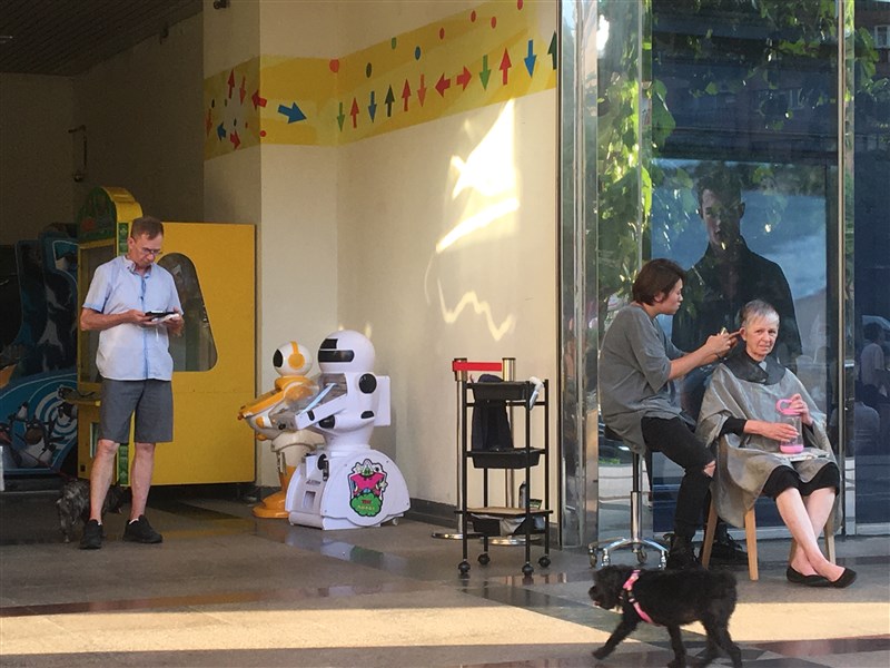 理容院替顧客剪頭髮到一半,只能把工具台推出戶外,利用自然光替顧客剪髮。
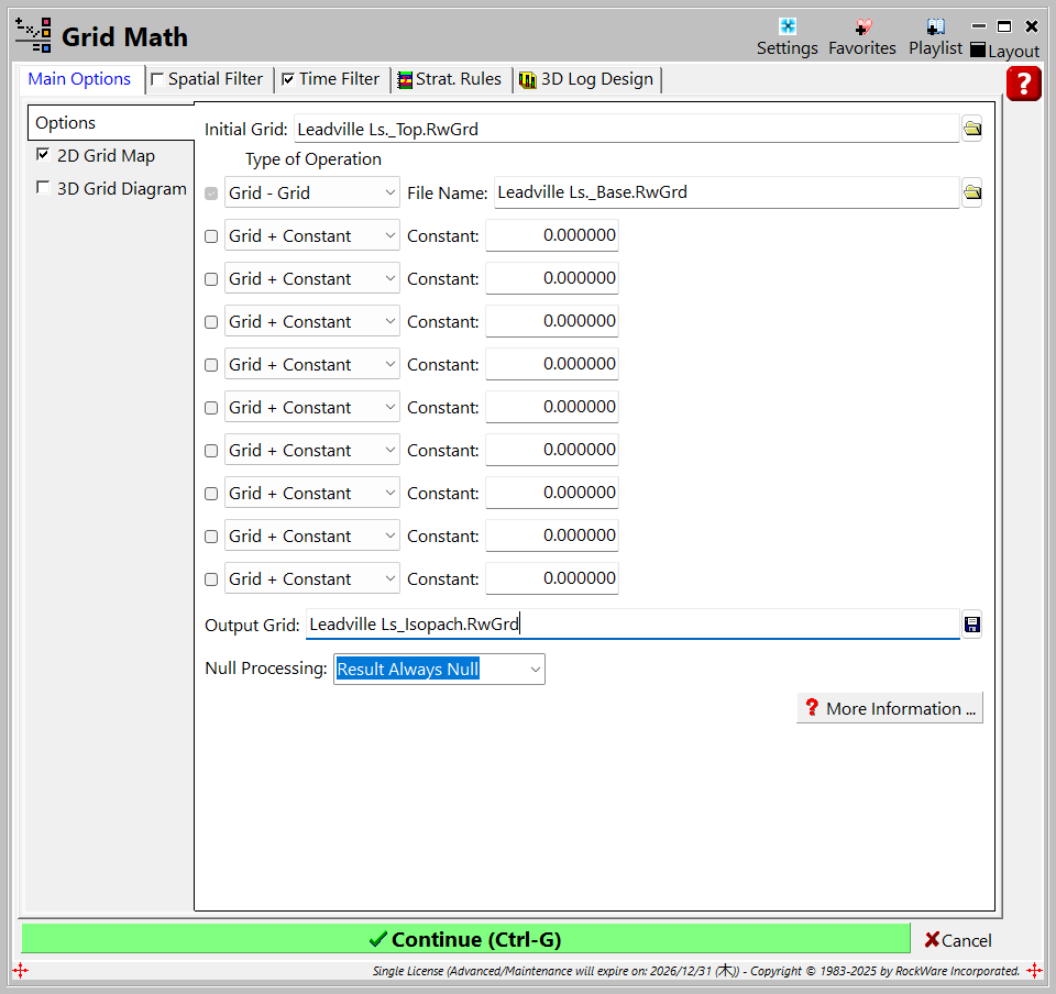 - Input グリッドには、Leadville Ls_Isopach.RwGrd を選択します。
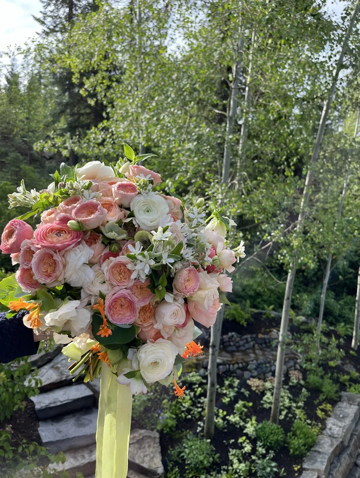 The next morning, I got this photo with a message saying she really wanted the orange honeysuckle from up in a tree at the house she was staying at, and our friend climbed up and got some to add.
■ ■ ■ ■
▸ WORK ITEM
Transcribe everything above exactly. Do not include the pictures.

▸ ANSWER SECTION
 理容院替顧客剪頭髮到一半,只能把工具台推出戶外,利用自然光替顧客剪髮。
 - Input グリッドには、Leadville Ls_Isopach.RwGrd を選択します。
 The next morning, I got this photo with a message saying she really wanted the orange honeysuckle from up in a tree at the house she was staying at, and our friend climbed up and got some to add.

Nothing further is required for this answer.